What you will do:
The answer is the data below, repeated exactly, with no pictures included.

Stored data:

==*==

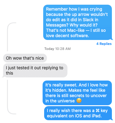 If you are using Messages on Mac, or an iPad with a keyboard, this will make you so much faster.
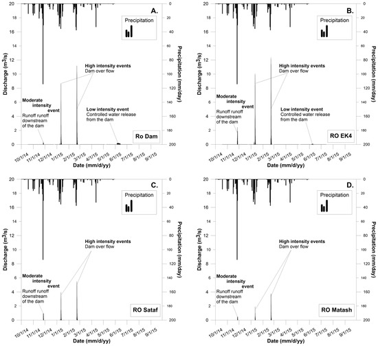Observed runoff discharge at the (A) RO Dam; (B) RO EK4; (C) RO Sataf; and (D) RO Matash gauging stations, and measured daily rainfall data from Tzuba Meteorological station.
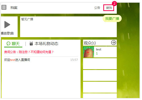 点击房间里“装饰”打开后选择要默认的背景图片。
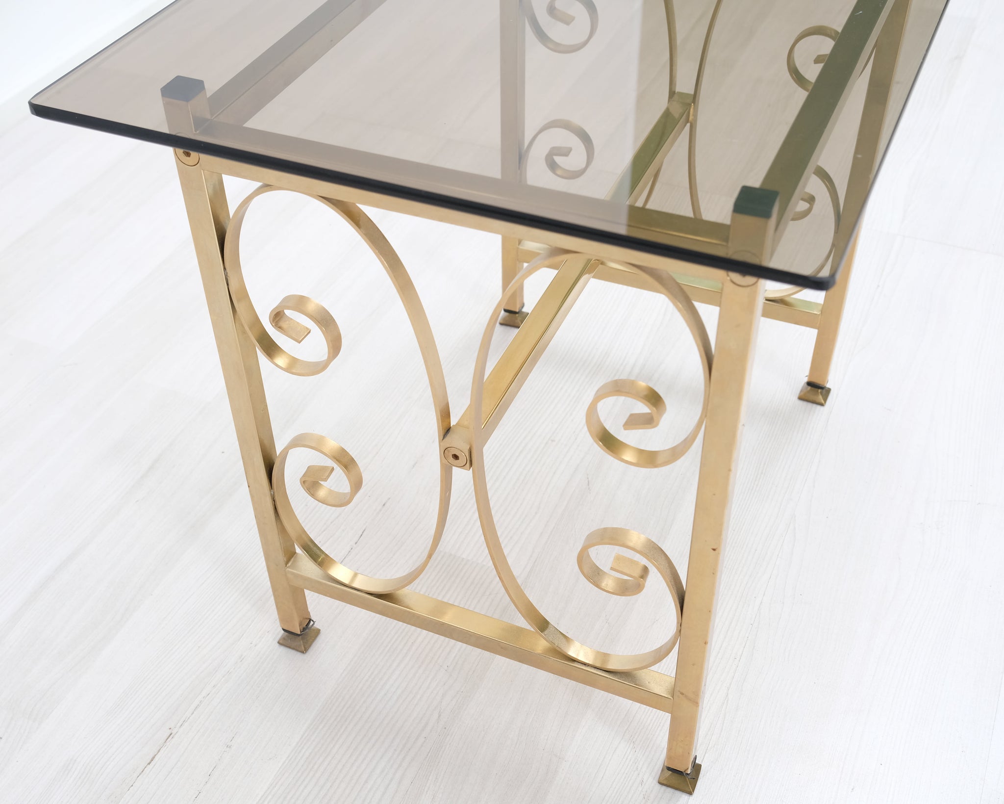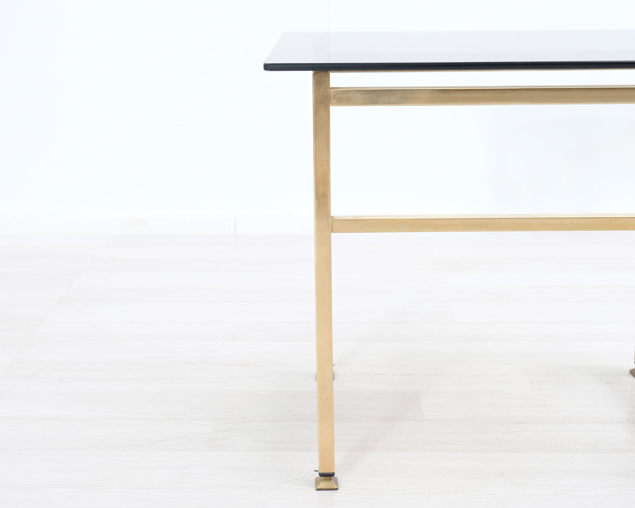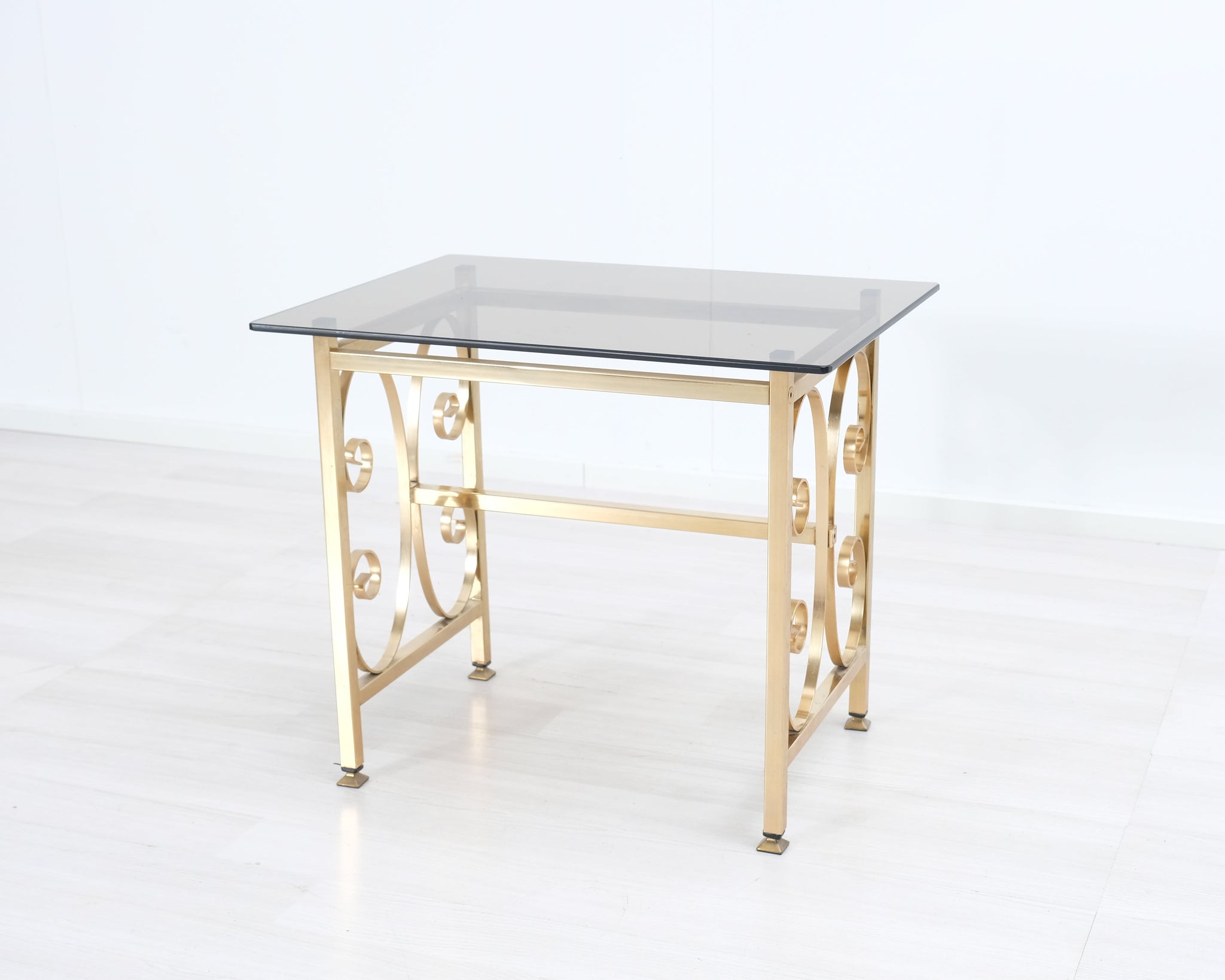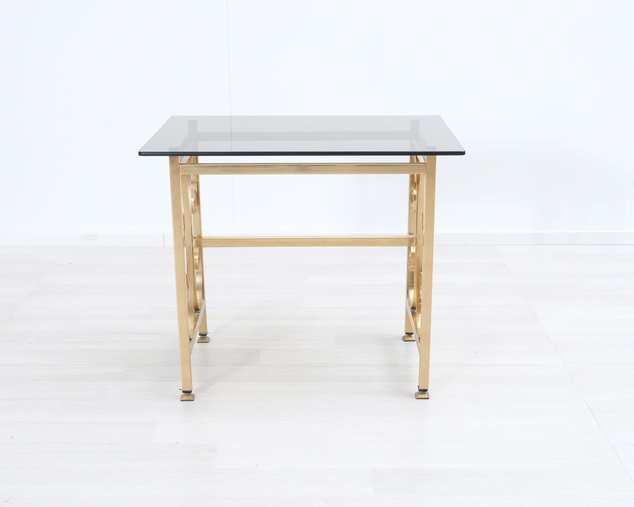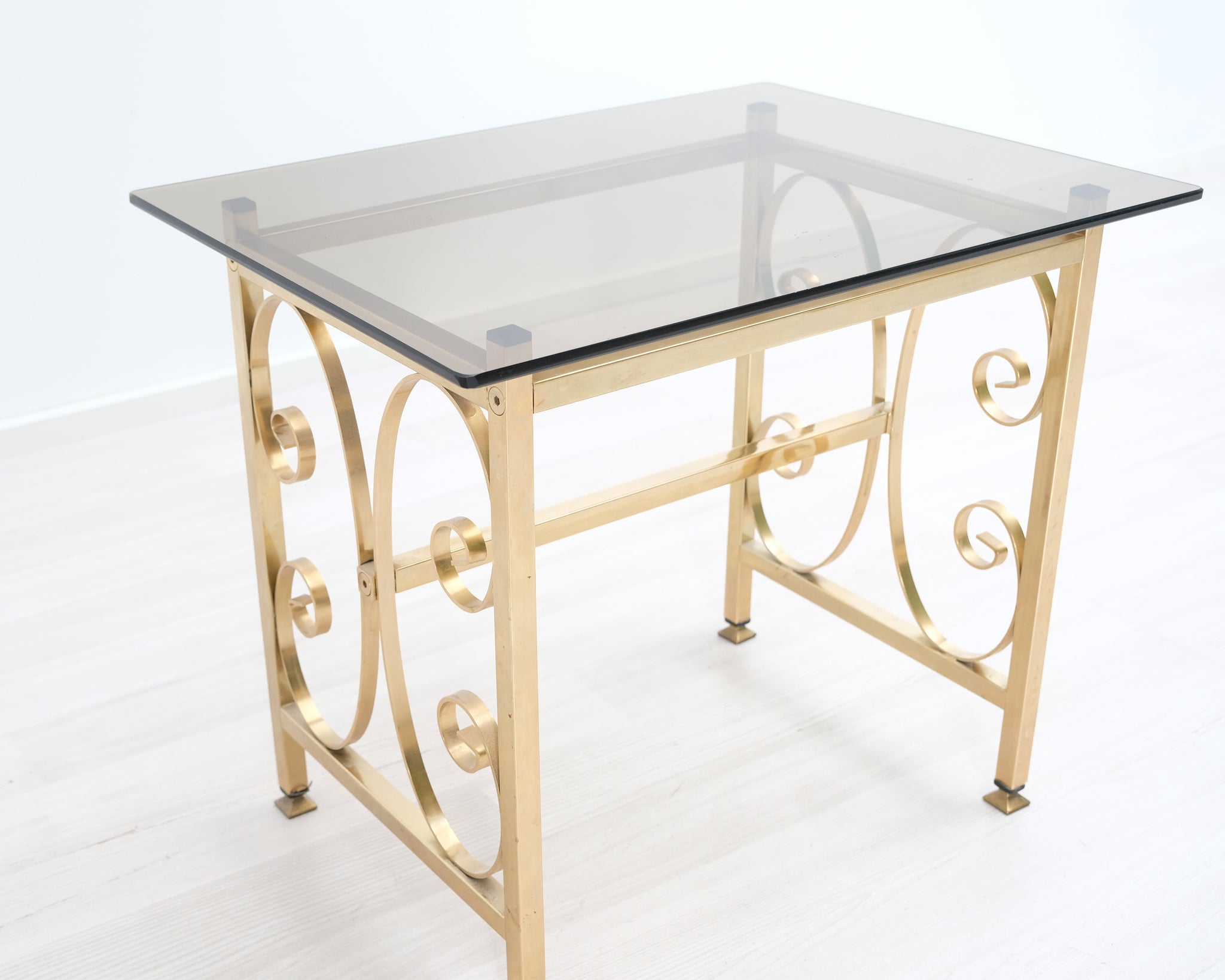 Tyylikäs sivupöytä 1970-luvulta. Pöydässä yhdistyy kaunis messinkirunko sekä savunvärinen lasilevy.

==*==

Task response:
 If you are using Messages on Mac, or an iPad with a keyboard, this will make you so much faster.
Observed runoff discharge at the (A) RO Dam; (B) RO EK4; (C) RO Sataf; and (D) RO Matash gauging stations, and measured daily rainfall data from Tzuba Meteorological station.
 点击房间里“装饰”打开后选择要默认的背景图片。
 Tyylikäs sivupöytä 1970-luvulta. Pöydässä yhdistyy kaunis messinkirunko sekä savunvärinen lasilevy.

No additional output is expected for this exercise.